Produce a word-for-word copy of the lines from the one that contains "Portafoglio a libro" to the final line of the data below, with all pictures dropped.
*** SUPPLIED MATERIAL ***
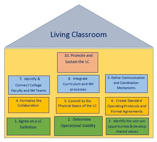 This framework described the four layers of exploring the potential for the LC, developing the foundations for the LC, implementing a LC, and promoting and sustaining the LC, represented by 10 building blocks. The partners’ context, students, college faculty, NH teams, residents, and families all play vital roles in making the LC a success. Many teachable moments are created beyond knowledge and skill acquisition, including interpersonal communication and relationship building, team culture, workload management, IP relations and more.
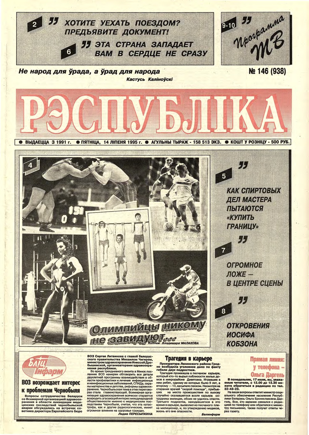 «Рэспубліка» — газета для тых, хто самастойна прымае рашэнні. Заснавальнік - Савет Міністраў Рэспублікі Беларусь. Выдаецца з чэрвеня 1991. Газета выходзіць 250 разоў у год. Аўтары апублікаваных матэрыялаў нясуць адказнасць за падбор і дакладнасць фактаў, іх меркаванні неабавязкова адлюстроўваюць пункт гледжання рэдакцыі. Рукапісы, фотаздымкі і малюнкі не рэцэнзуюцца і не вяртаюцца. Болей »
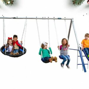 XDP Recreation Super Disc Steel Swing Set with Slide, Disc Swing, and 2 Swings
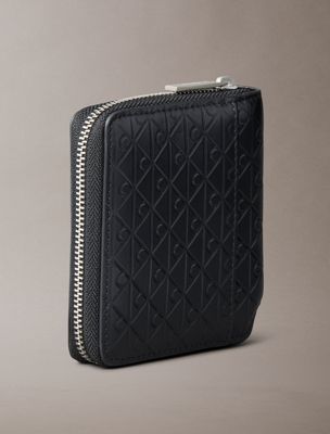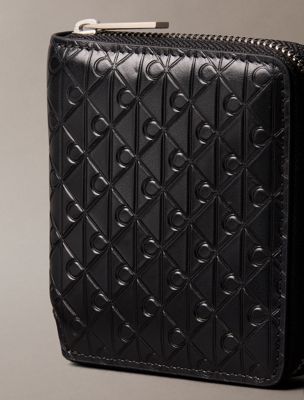 Portafoglio a libro con zip e monogramma stampato all-over
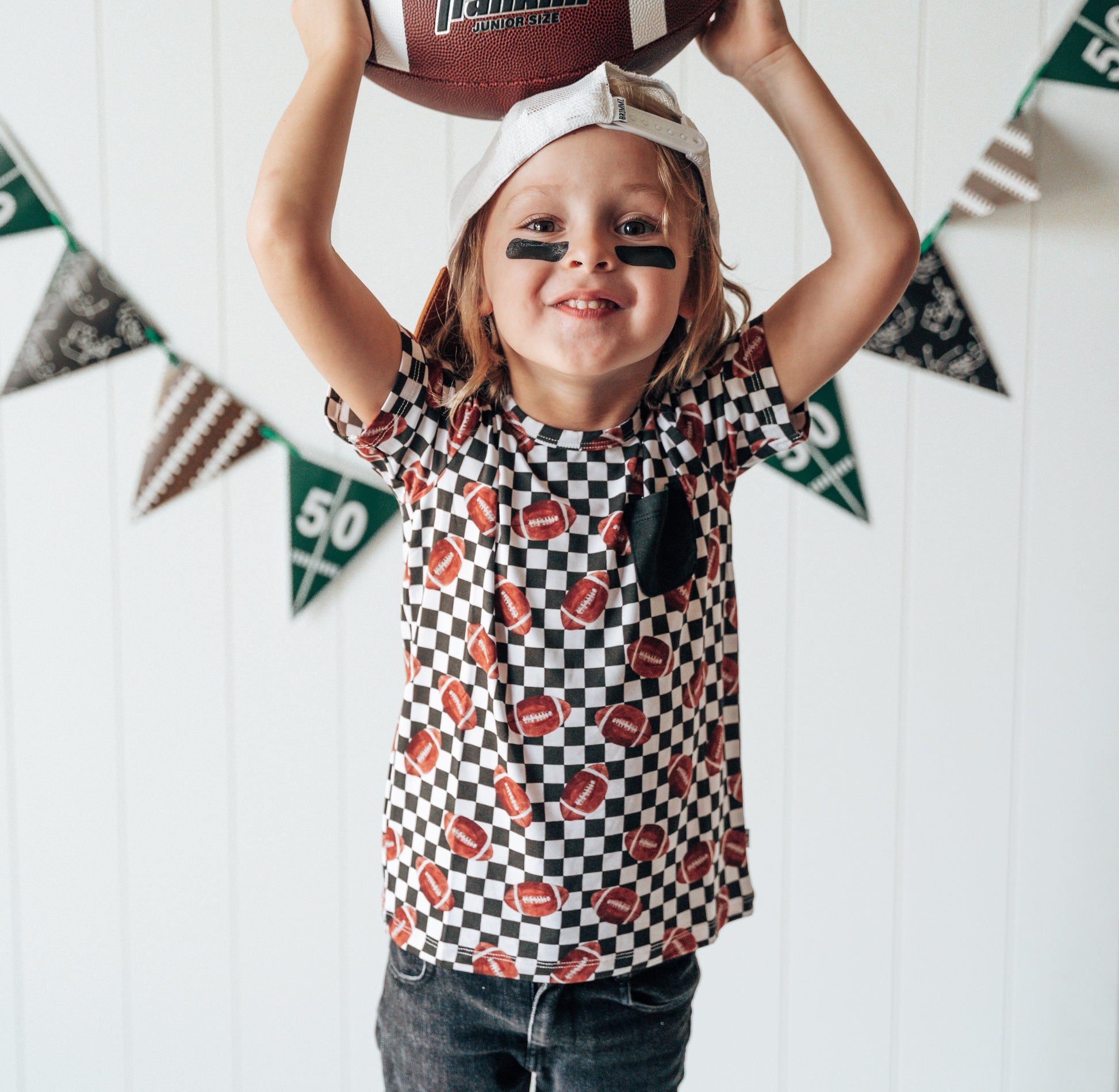 Bring the future stars of your family's football dreams right into the present with this awesome Checkered Football Dream Pocket Tee! With its unisex design, it's perfect for any kiddo who's ready to score big! Goooooooal!
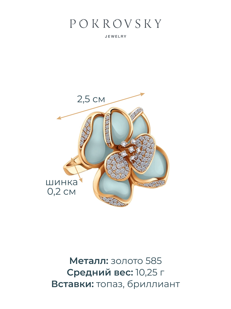 Кольцо эйфория золотое 585 с топазами и бриллиантами
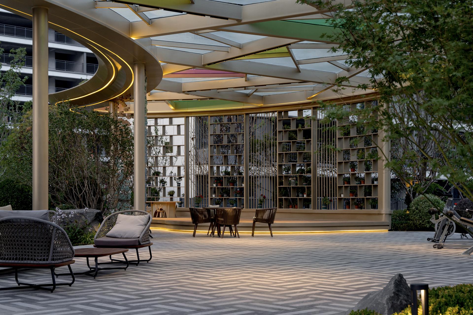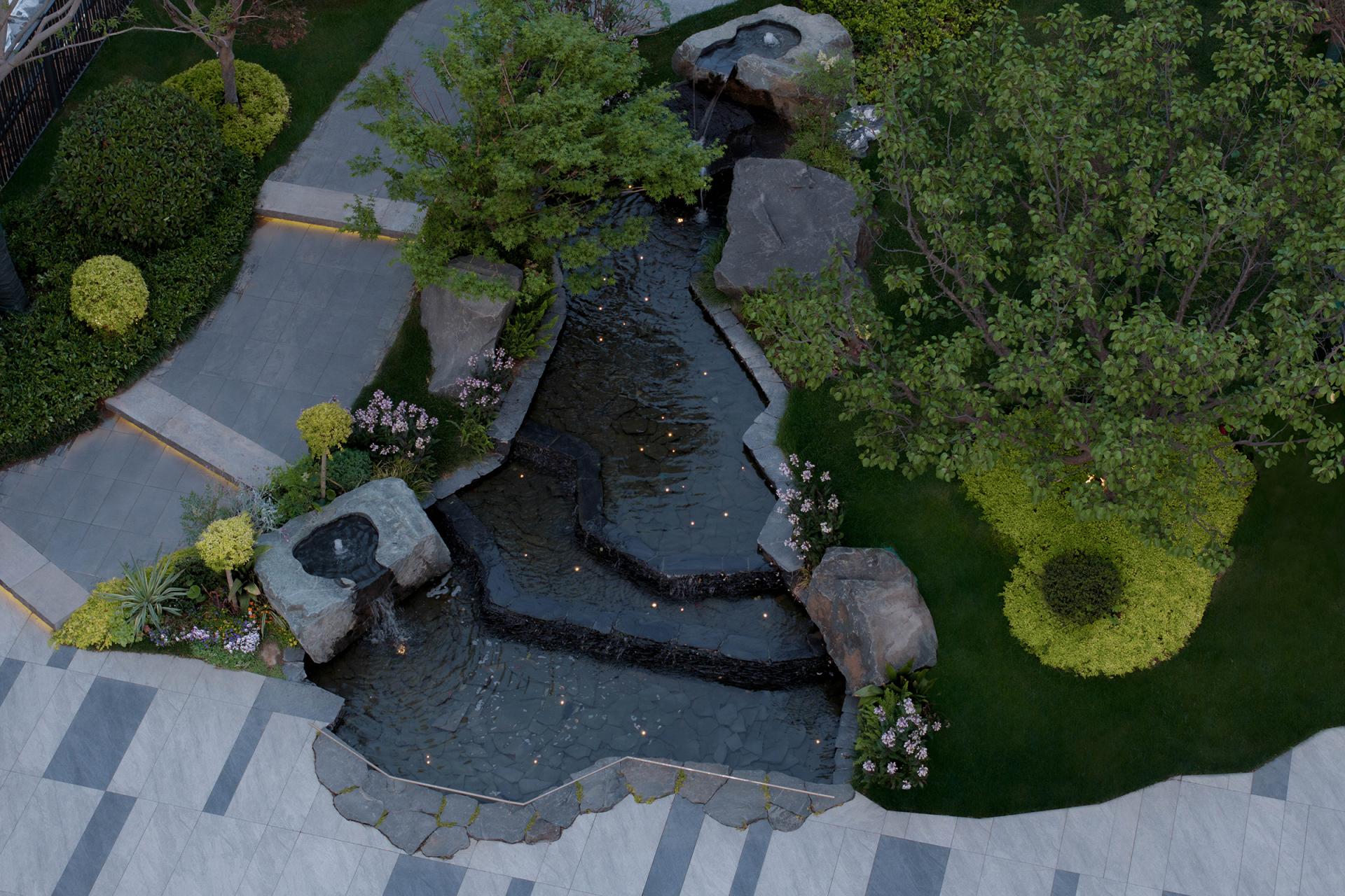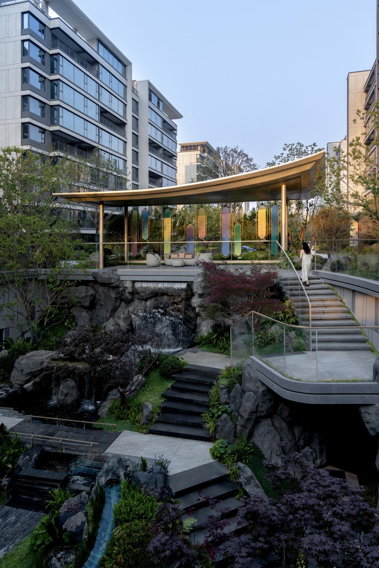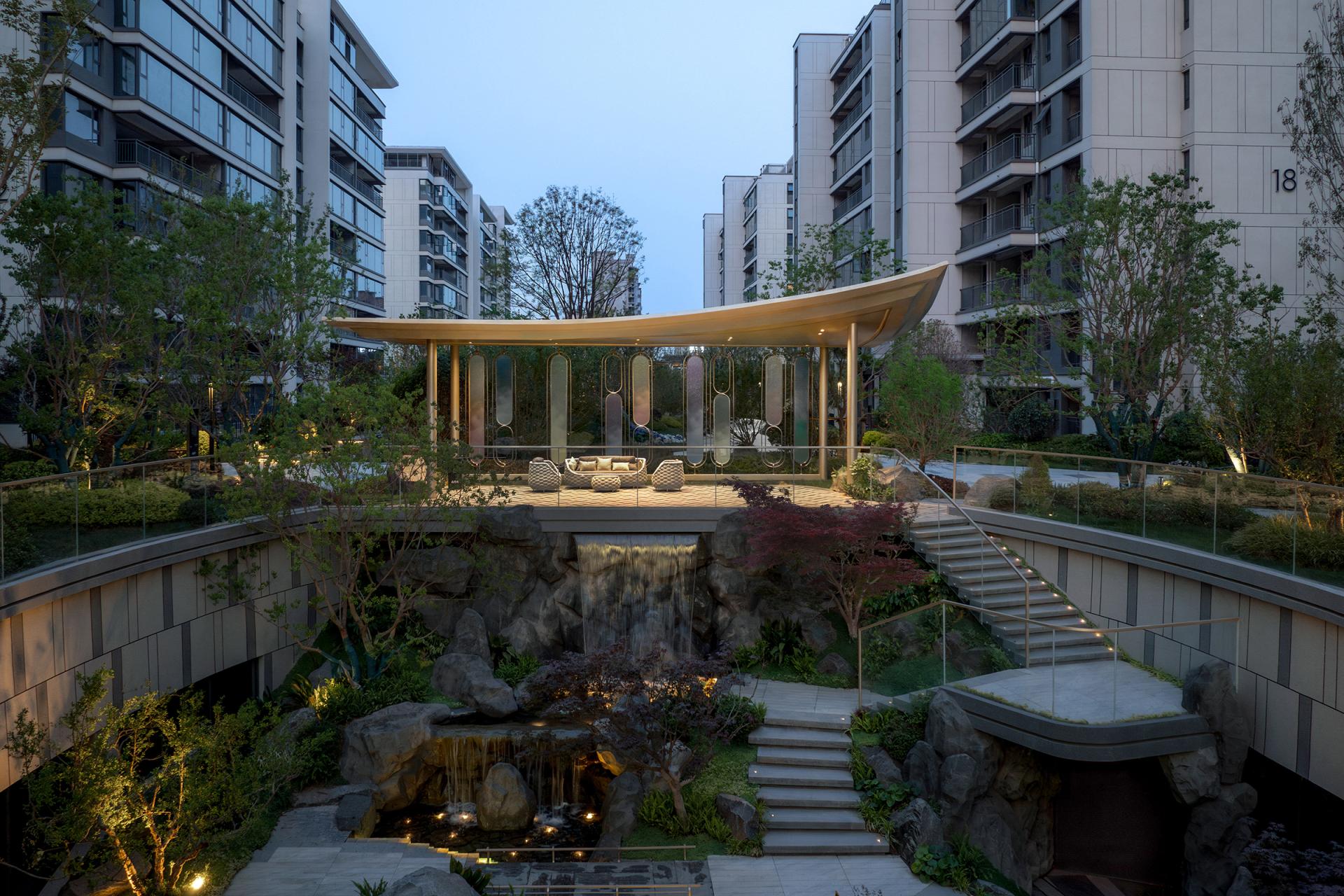 Guided by the theme of “Harmonious Nine Streams · Blossoming Pool Banquet,” the landscape unfolds into immersive spatial scenes, welcoming residents through ceremonial gateways, panoramic waterside platforms, secluded woodland paths, and poetic pavilions for leisure and cultural gatherings. The intention is to offer a journey through layered natural experiences, where every turn reveals shifting light, water, and vegetation. Elements such as a cascading 5-meter waterfall, multi-level reflective pools, floating lights, and a 9.5-meter tea pavilion with flying eaves evoke the dreamlike splendor of imperial retreats, allowing residents to feel as though they have stepped into a living scroll.
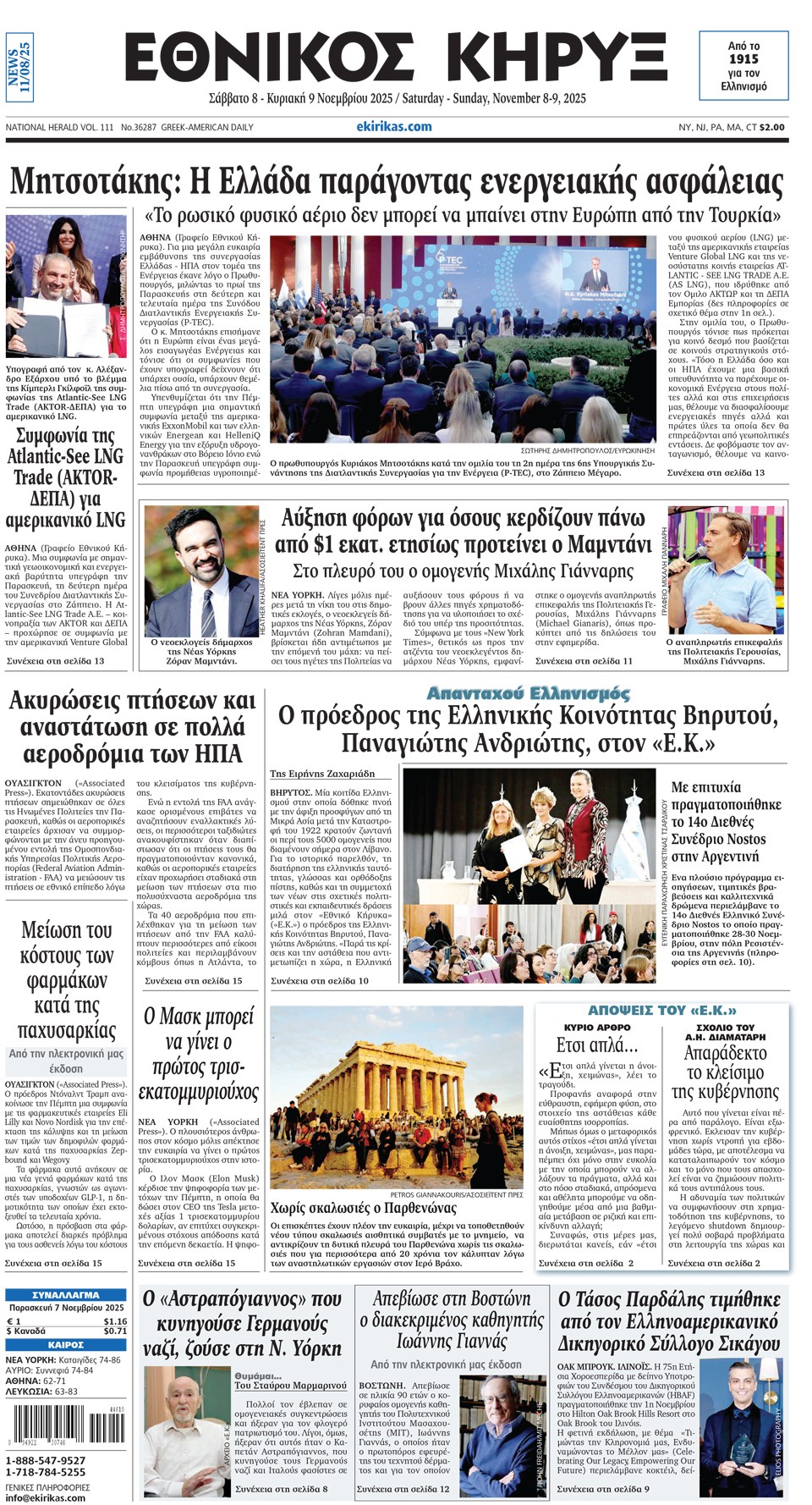 ΕΘΝΙΚΟΣ ΚΗΡΥΞ - 08 Νοεμβρίου 2025
***
*ANSWER SECTION:*
 Portafoglio a libro con zip e monogramma stampato all-over
 Bring the future stars of your family's football dreams right into the present with this awesome Checkered Football Dream Pocket Tee! With its unisex design, it's perfect for any kiddo who's ready to score big! Goooooooal!
 Кольцо эйфория золотое 585 с топазами и бриллиантами
 Guided by the theme of “Harmonious Nine Streams · Blossoming Pool Banquet,” the landscape unfolds into immersive spatial scenes, welcoming residents through ceremonial gateways, panoramic waterside platforms, secluded woodland paths, and poetic pavilions for leisure and cultural gatherings. The intention is to offer a journey through layered natural experiences, where every turn reveals shifting light, water, and vegetation. Elements such as a cascading 5-meter waterfall, multi-level reflective pools, floating lights, and a 9.5-meter tea pavilion with flying eaves evoke the dreamlike splendor of imperial retreats, allowing residents to feel as though they have stepped into a living scroll.
 ΕΘΝΙΚΟΣ ΚΗΡΥΞ - 08 Νοεμβρίου 2025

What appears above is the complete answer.